Side note: the diagrams are kind of AI slop in this, but I wrote the rest. I will get around to fixing them later.
There are many ways to apply NLP to a system that understands the large corpus of U.S. nuclear compliance material. One approach, which some Everstar competitors took, is to fine-tune an existing LLM on nuclear text. Another is to train a foundation model from scratch on nuclear documents and bake the domain into the weights. Both are a poor fit for this problem.
In the early LLM cycle there was a lot of hype around fine-tuning models and training domain models from scratch, but the economics and data shape usually point the other way. It made more sense to build a retrieval-heavy GPT wrapper than to train a model. That was clear in 2023 and has only become clearer since. If you have parsed through ADAMS, you know much of it is operationally irrelevant for licensing retrieval: meeting notices, routine memos, transmittals, duplicates, and other low-signal records. There is not enough high-quality, task-specific supervision to make model training the center of the system.
That leaves an agentic system whose quality depends on retrieval. The model needs an efficient way to pull exact source material into context, because it does not know the regulatory corpus by itself.

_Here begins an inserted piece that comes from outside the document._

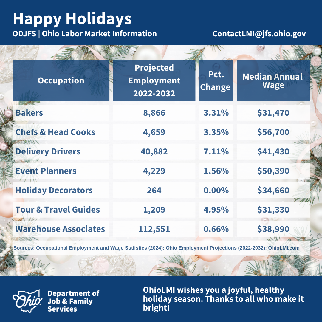 Ohio’s Labor Market Information wishes you a joyful and safe holiday. Check out occupations that help to make the season bright.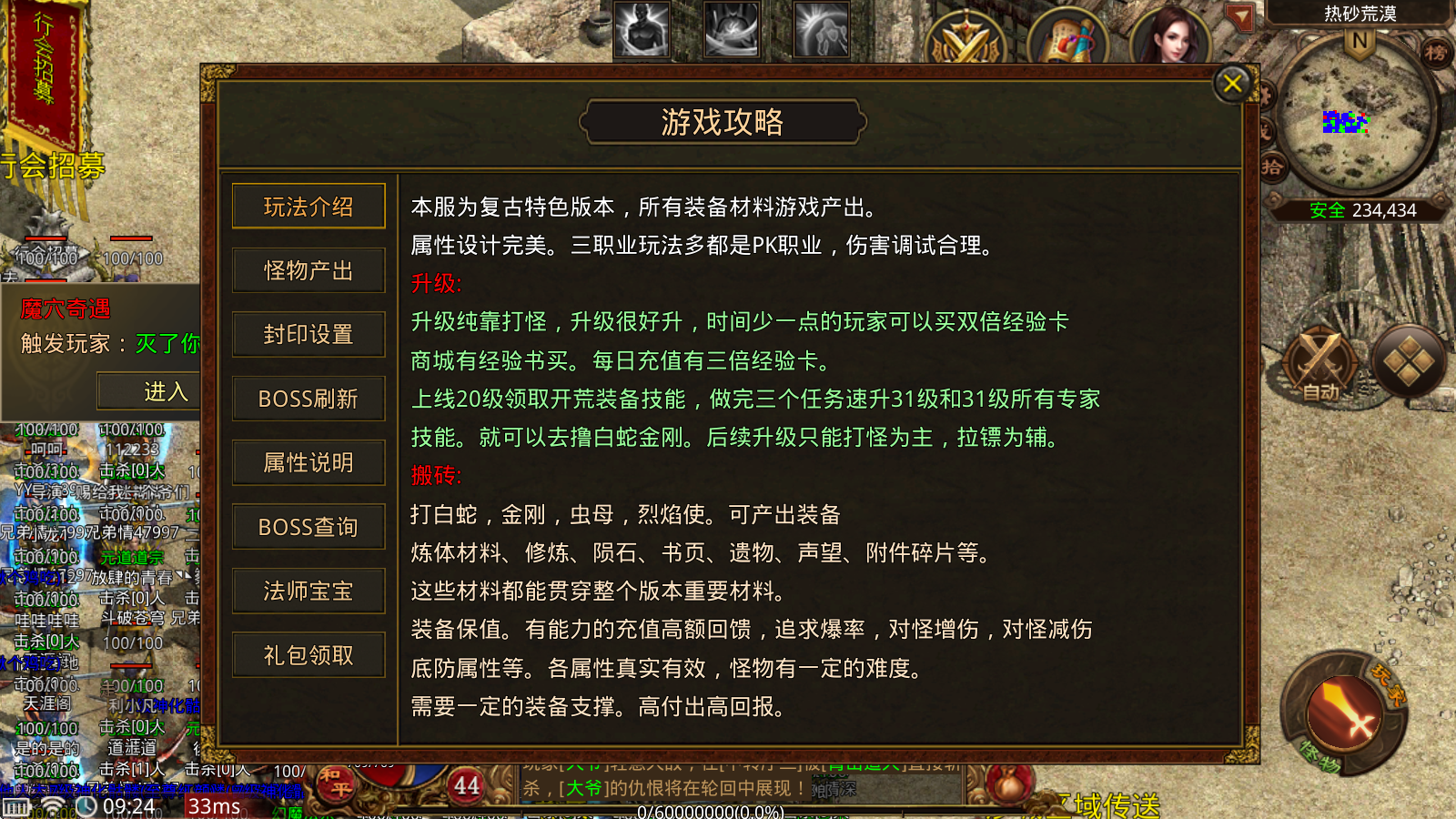 本服为复古特色版本,所有装备材料游戏产出,属性设计完美,三职业玩法多都是PK职业,伤害调试合理,人人都能享受激情!

This was one of my primary jobs at Everstar: ingest public and private documents so agents could understand the nuclear compliance landscape and synthesize new documents from prior precedents.
The documents that were ingested for Gordian originated from many different sources:
NRC ADAMS; eCFR Title 10; 10 CFR Parts 20, 35, 37, 50, 52, 53, 71, 73; 10 CFR 50 Appendix B; Part 21-style compliance; NUREG-1556 Vol. 17; NUREG-1801; NUREG-2191; SRPs; RAIs; NRC/licensee correspondence; NQA-1; DOE 10 CFR 830; DOE-STD-3009-2014; DOE O 433.1B; DOD AR 50-7.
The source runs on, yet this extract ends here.